John Moore over at Brandautopsy  has been posting on his experience while working for Starbucks.  While attending seminary in Dallas, I worked at a Starbucks and took several of their management classes because I wanted to learn how they produce leaders so fast…John had this post today which I have added to based on a multi-site church view….

Starbucks will not deny they are everywhere. But they are everywhere because customers want them to be everywhere. Otherwise, they wouldn’t’t be there. (Starbucks is smart like that.)

When a church is asking – should we go multi-site, I think that one of the first questions that should be asked is, "Are there people in a community near us that would want us there?"…this works for us at Seacoast Church by looking at our database to see where people are driving from.  If 300 families are driving from 45 minutes away – that is probably the "customer" saying we want a Seacoast Church campus closer to our home.

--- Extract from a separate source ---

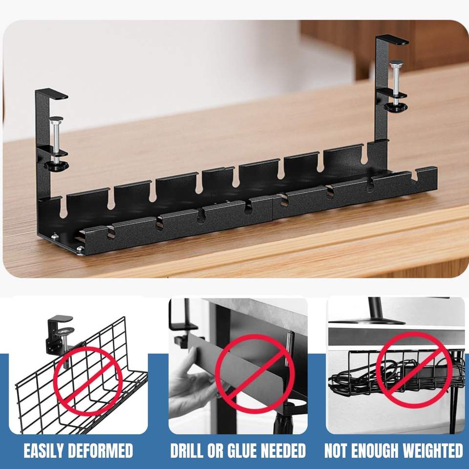 Caractéristique:Clamp-on sous le chemin de câbles de bureau aucune perceuse pour la gestion de fil

Starbucks works under the premise of being everywhere customers want them to be. According to internal research studies, customers would be more satisfied if they had a Starbucks more convenient to them. So Starbucks satisfies customers by opening more stores in more places to be more convenient to more people.

I think this is true in the church.  The only people that like large churches that are built in zoned areas for large buildings that are not close to peoples homes are Pastors.  So, with multi-site we can literally take people their church to their home…not to mention those that would love to attend, but will not because it is not a convenient location.

Starbucks Tribal Knowledge tells us if you stop competing on quirky and quaint and you must start competing on being convenient and consistent. For Starbucks, it has been a trade-off that satisfies more customers leading to greater sales success.

With multi-site it is very difficult to set your-self apart as the church with the most technology or even the "most excellent" – this is a trade-off of being highly mobile and smaller.  However, convenient and consistent can be a key. 

I would like to take a few posts to look at this…what do we need to be convenient and constant in at the campus level in a multi-site church?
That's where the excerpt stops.